Greetings! I’m Katie Kennedy. Launching this blog is an exciting and uncomfortable journey I am stepping into. The Lord guided me through a significant spiritual transformation a few years ago in my mid-thirties. At the beginning of the transformation, I was in an unhealthy place; my insides filled with anxiety, lies, sin, and grief. The Lord slowly and gently helped me extract and release all the bad I was carrying around.  I was believing lies such as I needed to earn His love. 

When I emerged the other end of the transformation, He had rebuilt me. On the outside, I looked the same, with maybe a few more grey hairs. On the inside, I was washed clean and set free. He shed the lies and sadness from within and replaced it with His love and grace. God showed me who I really was. 

I uncovered a love of writing and felt the Lord calling me to share my story with others. I believe He called me to write down my story of transformation and share it with others in hopes it will encourage others to dive into a deeper relationship with God.
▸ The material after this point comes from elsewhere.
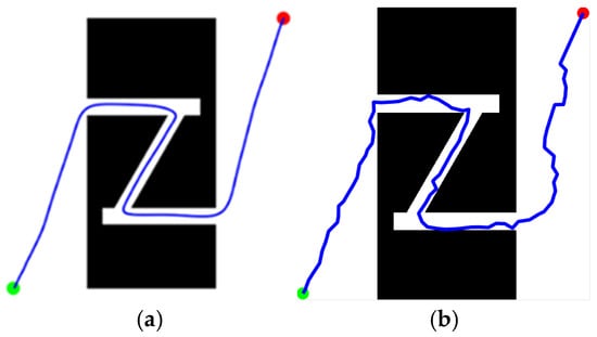 Figure 20 shows the path planning results of the four algorithms in Map2 (Section 4.1, Figure 15b) under consistent basic parameters. From the experimental results, it can be seen that KDB-RRT* (Figure 20a) generates a continuous, smooth curve navigating dense obstacle gaps, with necessary turns only at critical bottlenecks. Optimized RRT* (Figure 20b) exhibits frequent backtracking in narrow passages. RRT*-Connect (Figure 20c) produces paths with numerous sharp turns. Informed-RRT* (Figure 20d) reduces curvature changes but still features large-angle turns.

I am not an English major nor a theologian.  I’m a wife and a mom who experienced first hand the power of our redeeming God.  I am practicing being obedient to the Lord even if it brings me into scary, uncomfortable places. 

The Lord freed me from the chains that were holding me back from the person He created. Are you being held back? If so, by what? If you don’t know, ask Him, He will show you.

I want everyone to experience the joy, peace, and love that only God can provide.